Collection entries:
***

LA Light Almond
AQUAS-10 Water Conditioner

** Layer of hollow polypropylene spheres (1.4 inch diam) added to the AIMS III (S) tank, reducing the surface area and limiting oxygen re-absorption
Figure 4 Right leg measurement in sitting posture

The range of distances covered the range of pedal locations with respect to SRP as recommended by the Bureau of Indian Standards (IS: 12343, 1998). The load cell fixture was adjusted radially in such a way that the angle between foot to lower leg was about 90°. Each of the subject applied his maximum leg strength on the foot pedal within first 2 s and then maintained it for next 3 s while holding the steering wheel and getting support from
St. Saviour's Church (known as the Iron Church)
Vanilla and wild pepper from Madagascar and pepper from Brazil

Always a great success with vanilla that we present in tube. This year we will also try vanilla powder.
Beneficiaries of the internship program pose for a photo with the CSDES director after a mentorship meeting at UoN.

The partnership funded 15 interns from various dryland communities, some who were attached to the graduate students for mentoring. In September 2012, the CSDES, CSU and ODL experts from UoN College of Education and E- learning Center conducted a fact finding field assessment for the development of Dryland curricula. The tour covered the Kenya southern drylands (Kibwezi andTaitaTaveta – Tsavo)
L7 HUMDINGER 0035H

***

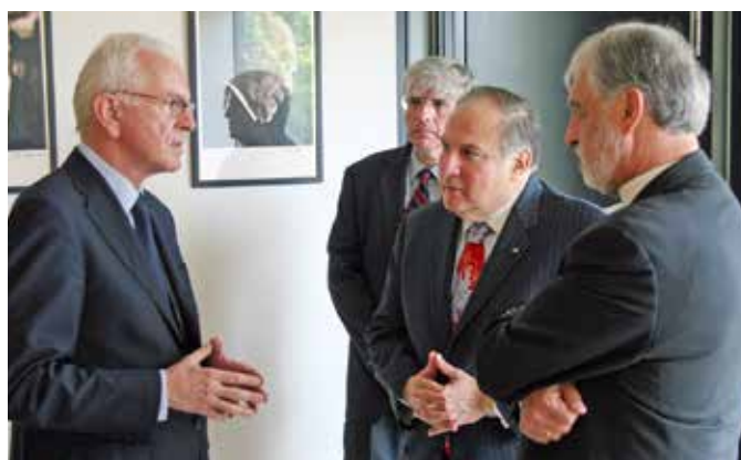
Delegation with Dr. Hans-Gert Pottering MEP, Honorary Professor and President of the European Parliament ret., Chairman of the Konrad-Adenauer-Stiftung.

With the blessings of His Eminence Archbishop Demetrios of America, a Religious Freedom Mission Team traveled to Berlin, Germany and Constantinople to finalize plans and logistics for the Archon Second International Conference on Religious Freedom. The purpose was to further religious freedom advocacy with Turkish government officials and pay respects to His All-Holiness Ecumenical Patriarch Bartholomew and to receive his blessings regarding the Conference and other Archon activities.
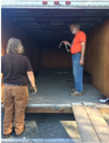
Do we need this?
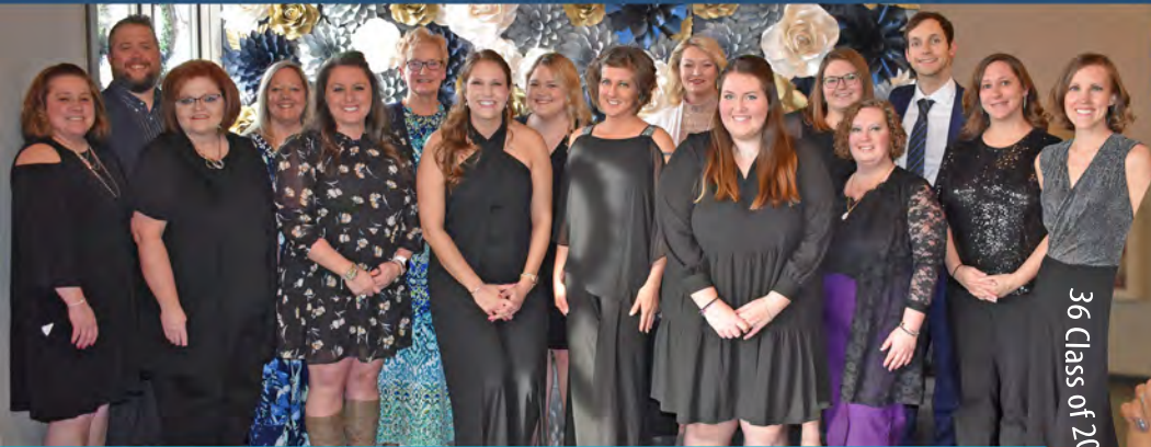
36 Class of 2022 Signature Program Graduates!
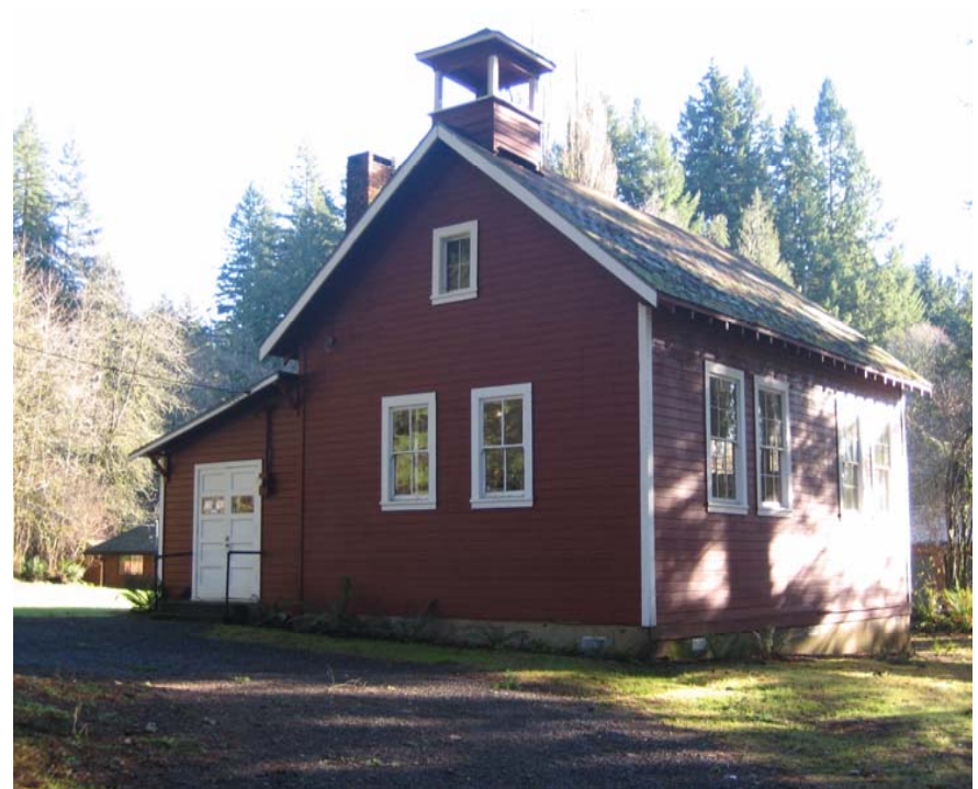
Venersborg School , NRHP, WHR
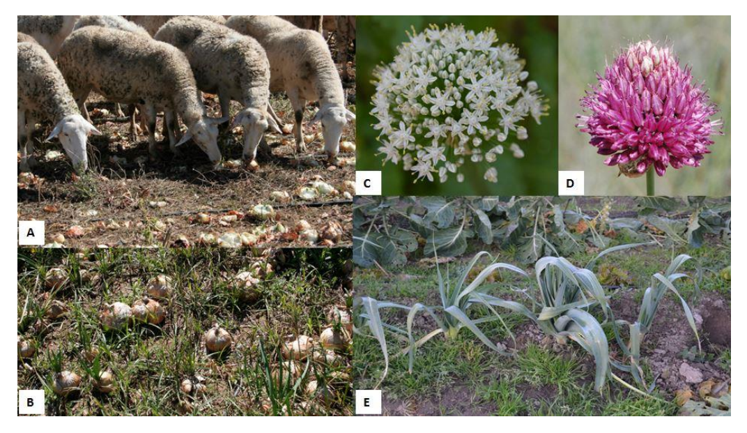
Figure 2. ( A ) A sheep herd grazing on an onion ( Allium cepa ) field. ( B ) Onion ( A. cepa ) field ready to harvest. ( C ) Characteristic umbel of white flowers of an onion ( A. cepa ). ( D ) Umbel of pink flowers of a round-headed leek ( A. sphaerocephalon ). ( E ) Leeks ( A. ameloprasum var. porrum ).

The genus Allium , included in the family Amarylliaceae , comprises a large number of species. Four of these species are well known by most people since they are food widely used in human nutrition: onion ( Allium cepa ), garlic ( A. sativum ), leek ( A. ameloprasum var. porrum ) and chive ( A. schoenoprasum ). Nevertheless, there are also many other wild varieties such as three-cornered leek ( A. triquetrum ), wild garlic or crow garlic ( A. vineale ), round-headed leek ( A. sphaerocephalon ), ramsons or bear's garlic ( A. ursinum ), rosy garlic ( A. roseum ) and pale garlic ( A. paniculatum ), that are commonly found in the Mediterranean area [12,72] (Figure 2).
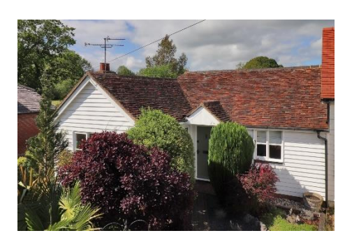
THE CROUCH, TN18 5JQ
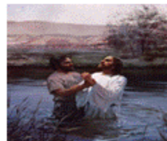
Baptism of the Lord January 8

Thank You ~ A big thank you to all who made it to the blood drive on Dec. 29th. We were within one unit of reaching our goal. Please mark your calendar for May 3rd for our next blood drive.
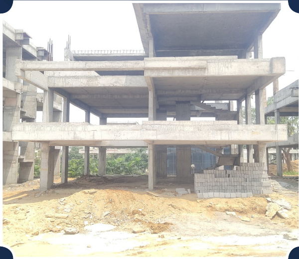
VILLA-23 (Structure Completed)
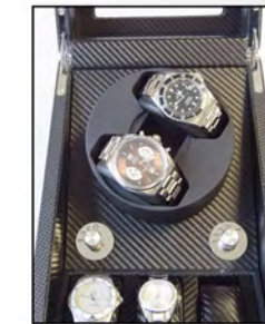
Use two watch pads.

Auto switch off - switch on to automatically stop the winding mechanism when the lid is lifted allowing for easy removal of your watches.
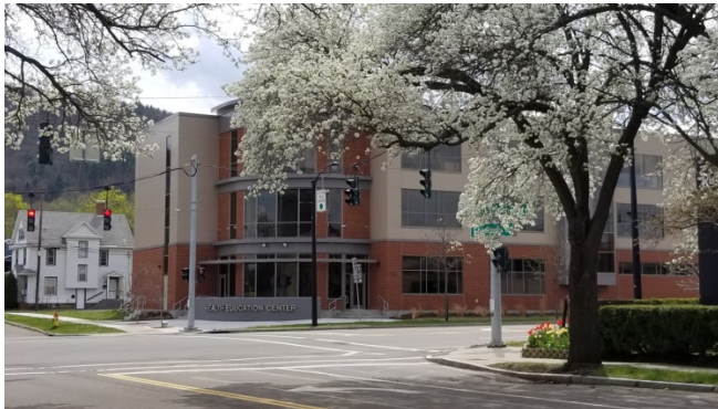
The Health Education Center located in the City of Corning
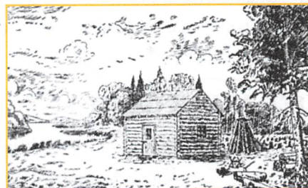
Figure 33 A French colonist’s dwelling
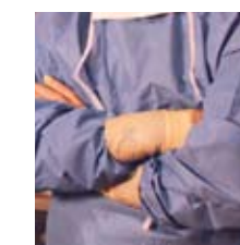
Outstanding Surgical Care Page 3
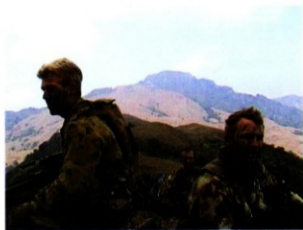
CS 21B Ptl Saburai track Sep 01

***

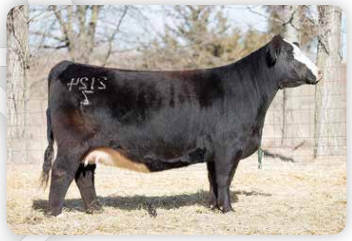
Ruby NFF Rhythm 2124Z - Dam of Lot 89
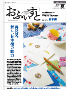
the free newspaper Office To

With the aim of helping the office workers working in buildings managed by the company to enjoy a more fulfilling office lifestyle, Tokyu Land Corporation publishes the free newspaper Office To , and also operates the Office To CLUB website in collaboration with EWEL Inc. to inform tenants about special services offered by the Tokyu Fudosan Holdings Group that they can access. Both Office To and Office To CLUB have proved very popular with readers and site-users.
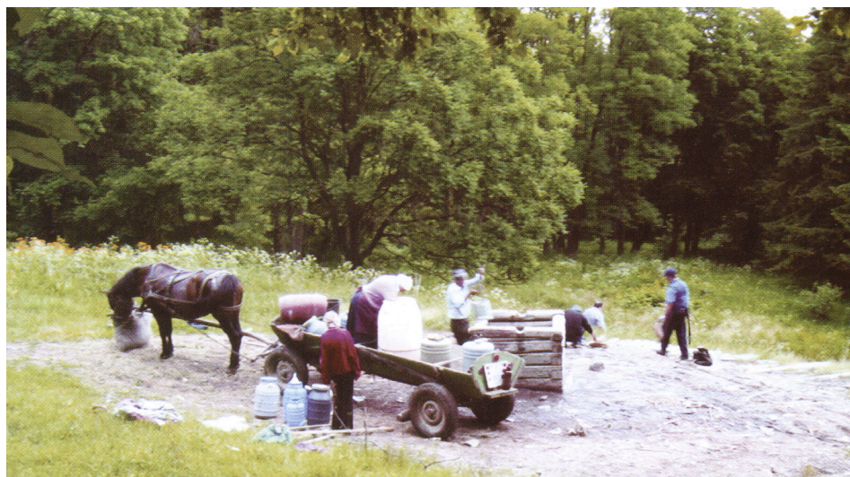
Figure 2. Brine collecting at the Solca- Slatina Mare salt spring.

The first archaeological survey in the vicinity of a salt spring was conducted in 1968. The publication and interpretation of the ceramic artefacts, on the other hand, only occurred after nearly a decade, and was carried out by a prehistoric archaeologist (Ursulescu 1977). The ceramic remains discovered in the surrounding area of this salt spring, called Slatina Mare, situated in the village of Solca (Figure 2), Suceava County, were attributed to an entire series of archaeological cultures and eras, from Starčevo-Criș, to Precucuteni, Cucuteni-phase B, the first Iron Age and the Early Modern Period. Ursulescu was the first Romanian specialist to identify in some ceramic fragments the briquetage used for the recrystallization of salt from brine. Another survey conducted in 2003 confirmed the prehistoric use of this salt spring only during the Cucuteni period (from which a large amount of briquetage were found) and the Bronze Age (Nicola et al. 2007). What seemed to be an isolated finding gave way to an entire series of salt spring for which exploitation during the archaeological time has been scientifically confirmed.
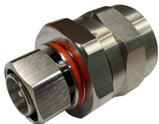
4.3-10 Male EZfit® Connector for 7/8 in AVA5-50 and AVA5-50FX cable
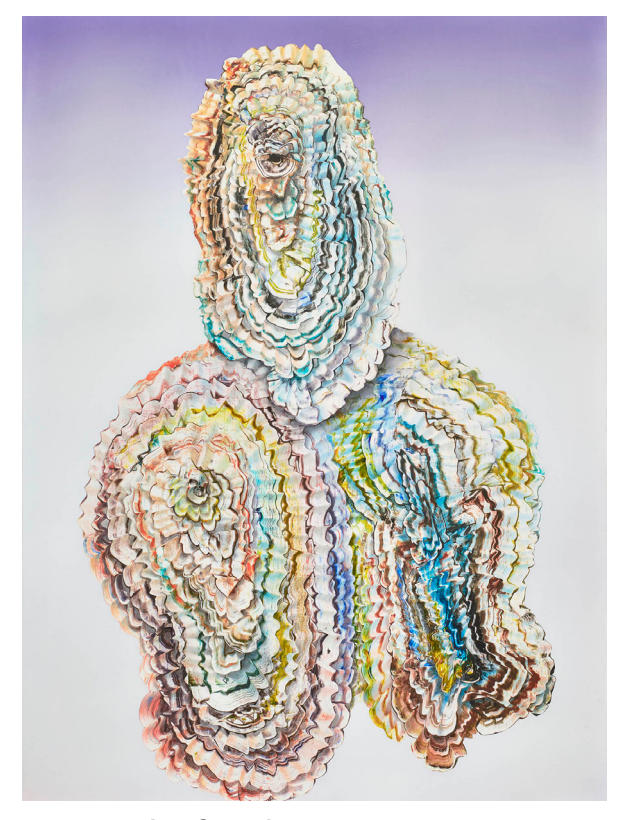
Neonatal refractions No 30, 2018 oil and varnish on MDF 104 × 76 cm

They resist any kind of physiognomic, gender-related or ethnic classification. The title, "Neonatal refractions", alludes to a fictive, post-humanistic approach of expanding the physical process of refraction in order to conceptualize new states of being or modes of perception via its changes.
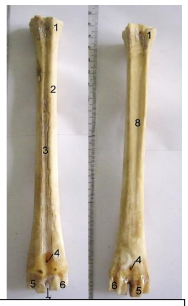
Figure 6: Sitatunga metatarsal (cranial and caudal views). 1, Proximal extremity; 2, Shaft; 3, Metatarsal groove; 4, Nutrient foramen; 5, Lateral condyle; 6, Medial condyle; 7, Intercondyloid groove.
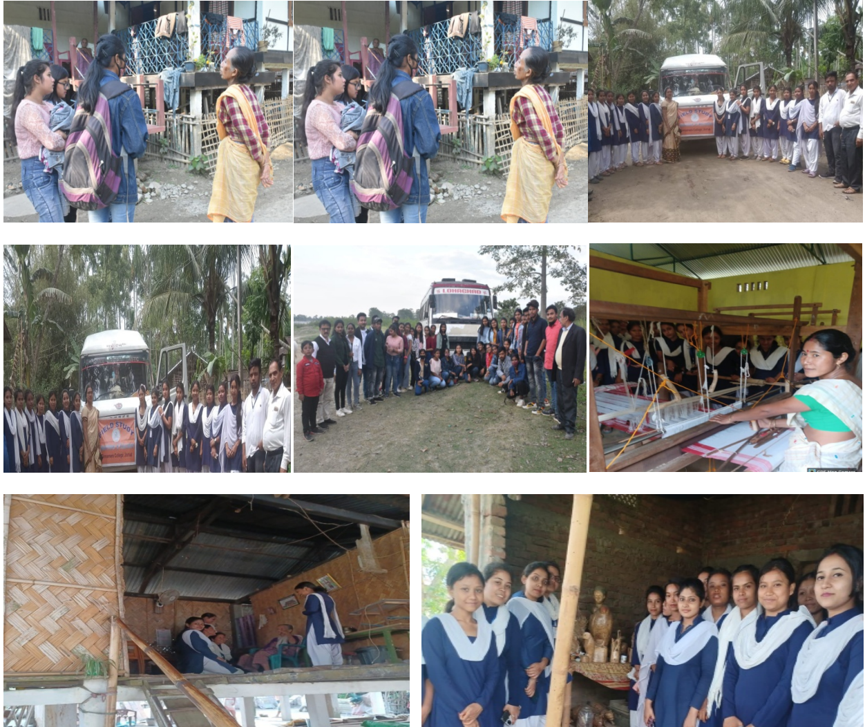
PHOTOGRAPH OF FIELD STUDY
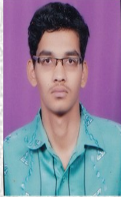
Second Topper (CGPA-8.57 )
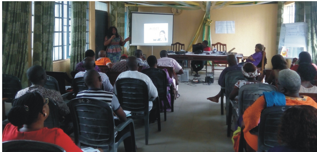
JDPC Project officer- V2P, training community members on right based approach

***

▸ What is expected
Your task for the entries above: copy exactly the span starting with the line with "LA Light Almond" and going on through the line with "L7 HUMDINGER 0035H", both lines included, and nothing else.

▸ Result of the task
LA Light Almond
AQUAS-10 Water Conditioner

** Layer of hollow polypropylene spheres (1.4 inch diam) added to the AIMS III (S) tank, reducing the surface area and limiting oxygen re-absorption
Figure 4 Right leg measurement in sitting posture

The range of distances covered the range of pedal locations with respect to SRP as recommended by the Bureau of Indian Standards (IS: 12343, 1998). The load cell fixture was adjusted radially in such a way that the angle between foot to lower leg was about 90°. Each of the subject applied his maximum leg strength on the foot pedal within first 2 s and then maintained it for next 3 s while holding the steering wheel and getting support from
St. Saviour's Church (known as the Iron Church)
Vanilla and wild pepper from Madagascar and pepper from Brazil

Always a great success with vanilla that we present in tube. This year we will also try vanilla powder.
Beneficiaries of the internship program pose for a photo with the CSDES director after a mentorship meeting at UoN.

The partnership funded 15 interns from various dryland communities, some who were attached to the graduate students for mentoring. In September 2012, the CSDES, CSU and ODL experts from UoN College of Education and E- learning Center conducted a fact finding field assessment for the development of Dryland curricula. The tour covered the Kenya southern drylands (Kibwezi andTaitaTaveta – Tsavo)
L7 HUMDINGER 0035H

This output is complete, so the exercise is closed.